To illustrate PCA transformation in the tidymodels framework, I will train a logistic regression model on the Sonar
dataset fromt the mlbench
package.
library(tidymodels)
library(mlbench)
The task of the Sonar
dataset is to train a network to discriminate between sonar signals bounced off a metal cylinder M
and those bounced off a roughly cylindrical rock R
. The object to which correspond each set of signals is stored in the Class
variable. Each pattern is a set of 60 numbers in the range 0.0 to 1.0. Each number represents the energy within a particular frequency band, integrated over a certain period of time. The signals are encoded in the V01
to V60
variables.
data("Sonar")
When representing the proportion of each case, we observe that the number of positive (M
case) and negative (R
case) observations is balanced. As the first level corresponds with the positive case, no relevelling of the target variable is required.
Sonar |>
ggplot(aes(Class)) +
geom_bar(aes(y = after_stat(count/sum(count)))) +
scale_y_continuous(name = NULL, labels = scales::percent) +
ggtitle(label = "Proportion of positive and negative cases") +
theme_minimal(base_size = 12)
A Straight Logistic Regression
Let’s set the elements for a predictive modelling framework. First, we split the dataset into train an test.
set.seed(1111)
sonar_split <- initial_split(Sonar, prop = 0.8, strata = "Class")
Then, we define the set of metrics mset
and the folds for cross validation folds
.
mset <- metric_set(accuracy, sens, spec)
set.seed(1111)
folds <- vfold_cv(training(sonar_split), v = 5, repeats = 4, strata = "Class")
The preprocessing sonar_plain
recipe includes only scaling and centering of predictors.
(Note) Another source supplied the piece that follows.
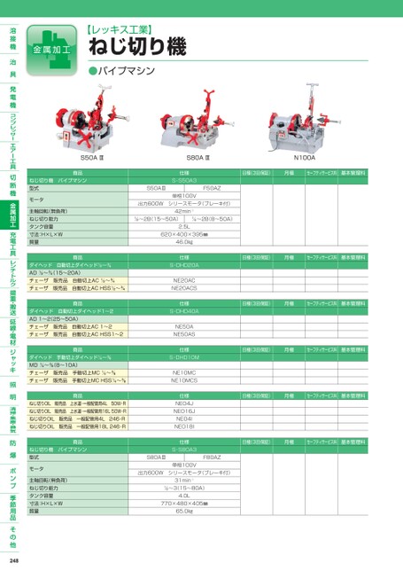 【レッキス工業】ねじ切り機●パイプマシンS50AⅢ商品ねじ切り機パイプマシン型式モータ主軸回転(無負荷)ねじ切り能力タンク容量寸法:H×L×W質量S80AⅢ仕様S-S50A3単相100VF50AZS50AⅢ出力600Wシリースモータ(ブレーキ付)42min-1〜2B(15〜50A)〜2B(8〜50A)2.5L620×400×395㎜46.0㎏N100A日極(3日保証)月極セーフティサービス料基本管理料仕様S-DHD20ANE20ACNE20ACS仕様S-DHD40ANE50ANE50AS仕様S-DHD10MNE10MCNE10MCS仕様NEO4JNEO16JNEO4INEO18I仕様S-S80A3単相100VS80AⅢ日極(3日保証)月極セーフティサービス料基本管理料日極(3日保証)月極セーフティサービス料基本管理料日極(3日保証)月極セーフティサービス料基本管理料日極(3日保証)月極セーフティサービス料基本管理料日極(3日保証)月極セーフティサービス料基本管理料F80AZ出力600Wシリースモータ(ブレーキ付)31min-1〜3(15〜80A)4.0L770×480×405㎜65.0㎏商品ダイヘッド自動切上ダイヘッド〜AD〜(15〜20A)チェーザ販売品自動切上AC〜チェーザ販売品自動切上ACHSS〜商品ダイヘッド自動切上ダイヘッド1〜2AD1〜2(25〜50A)チェーザ販売品自動切上AC1〜2チェーザ販売品自動切上ACHSS1〜2商品ダイヘッド手動切上ダイヘッド〜MD〜(8〜10A)チェーザ販売品手動切上MC〜チェーザ販売品手動切上MCHSS〜商品ねじ切りOIL販売品上水道・一般配管用4L50W-Rねじ切りOIL販売品上水道・一般配管用16L50W-Rねじ切りOIL販売品一般配管用4L246-Rねじ切りOIL販売品一般配管用18L246-R商品ねじ切り機パイプマシン型式モータ主軸回転(無負荷)ねじ切り能力タンク容量寸法:H×L×W質量248

sonar_plain <- training(sonar_split) |>
recipe(Class ~ .) |>
step_center(all_numeric_predictors()) |>
step_scale(all_numeric_predictors())
The model to apply is quite simple, a logistic regression lr
with the R base function glm()
.
lr <- logistic_reg(mode = "classification",
engine = "glm")
Let’s examine the performance of the model with cross validation, and store the results in the lr_plain_cv
data frame.
lr_plain_cv <- fit_resamples(object = lr,
preprocessor = sonar_plain,
resamples = folds,
metrics = mset) |>
collect_metrics()
## → A | warning: glm.fit: algorithm did not converge, glm.fit: fitted probabilities numerically 0 or 1 occurred
## There were issues with some computations A: x1
## There were issues with some computations A: x6
## There were issues with some computations A: x20
##
lr_plain_cv
## # A tibble: 3 × 6
## .metric .estimator mean n std_err .config
## <chr> <chr> <dbl> <int> <dbl> <chr>
## 1 accuracy binary 0.708 20 0.0180 Preprocessor1_Model1
## 2 sens binary 0.705 20 0.0246 Preprocessor1_Model1
## 3 spec binary 0.712 20 0.0254 Preprocessor1_Model1
Here we observe that the model has computational issues, as the algorithm does not converge and finds probabilities numerically 0 or 1 for some folds.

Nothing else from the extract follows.